Share of Tata Steel has rallied 268 per cent returns to its shareholders in the last 12 months. The share stood at Rs 308.25 on June 17, 2020. It has zoomed to Rs 1,133.75 today, translating into gains of 268 per cent during the period. In comparison, Sensex rose 56 per cent in one year.
Rs 5 lakh invested in the steelmaking arm of Tata group a year ago would have turned into Rs 18.39 lakh today.
The stock has gained 76 per cent since the beginning of this year. It opened 0.26 per cent higher at Rs 1,119.95 against the previous close of Rs 1,117.15 on BSE.

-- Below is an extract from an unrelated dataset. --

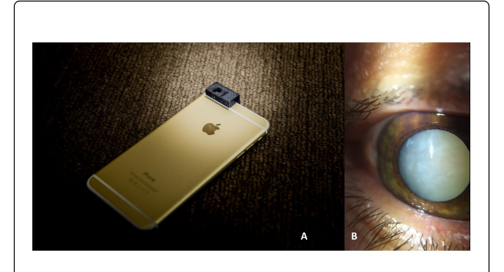
Figure 2: (A) 3D printed smartphone slit lamp microscope. (B) An image of a patient with a white cataract captured on a smartphone with the 3D printed slit lamp microscope.

Figure 1: (A) 3D printed retinal imaging adapter on a smartphone. (B) An image of a glaucomatous disc captured with the smartphone retinal imaging adapter. (C) An image of the same glaucomatous disc captured with a standard fundus camera

"Tata Steel has witnessed a very good rally in the past one year on the back of stronger steel prices globally which has resulted in having higher realisations and profits for steel companies across the globe. Many companies are using this bull run in steel to deleverage the balance sheets which is evident from the fact that the consolidated net debt for Tata steel has declined by 28% as of March 21 and it is ahead of schedule in terms of its debt repayment," Jitesh Ranawat, Head Institutional Sales at Marwadi Shares and Finance Ltd, told Business Today.

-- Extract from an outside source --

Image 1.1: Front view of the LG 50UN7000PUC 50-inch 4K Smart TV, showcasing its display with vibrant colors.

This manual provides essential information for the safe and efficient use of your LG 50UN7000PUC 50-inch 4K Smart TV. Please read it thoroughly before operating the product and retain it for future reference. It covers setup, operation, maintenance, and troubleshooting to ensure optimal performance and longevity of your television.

"We expect the company to merge Tata BSL (formerly Bhushan Steel) with itself and also accelerate its CAPEX program in Kalinga Nagar which will give a fillip to its capacities in India, which had the highest EBITDA last quarter," he noted.
"Watch out for the movement of steel prices as any major correction in those prices will allow investing into Tata Steel on dips as the stock has factored in lots of good news so far," he added.

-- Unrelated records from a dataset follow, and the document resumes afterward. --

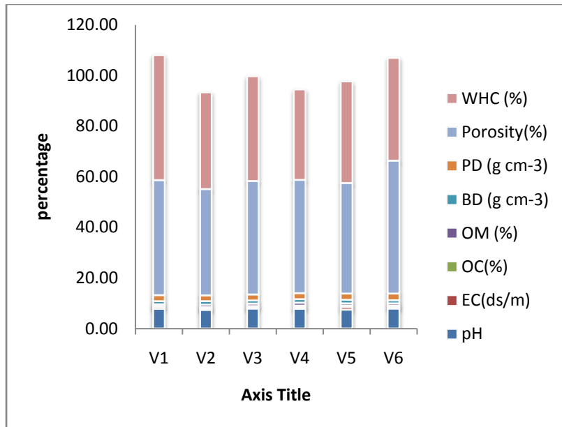
Fig. 2. Soil physio-chemical parameters of different villages of Malpura Block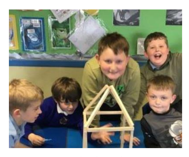
4 - Year 4 - Making the greenhouse in DT.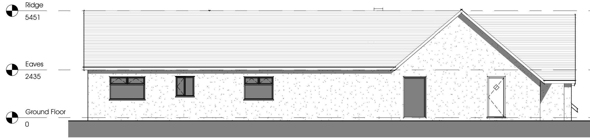
E3 Existing Rear Elevation 1 : 100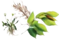
Grass clippings, weeds, leaves, twigs, branches & roots from pruning

Jefferies has maintained a 'Buy' call on the stock with a target price at Rs 1,500 per share. The brokerage also mentioned that the FY21 annual report shows a rising focus on sustainability and sets out specific targets for 2025 and 2030.
CLSA too has a 'Buy' call on the stock with a target price at Rs 1,362 per share. It mentioned that rising carbon costs are a medium-term risk but Europe should self-sufficient in cashflows in the near term.
Indian steel major reported a standalone net profit of Rs 13,606.62 crore for FY21, more than twice recorded in the previous fiscal. The company had posted a net profit of Rs 6,743.80 crore in FY20, translating into a 101 per cent growth.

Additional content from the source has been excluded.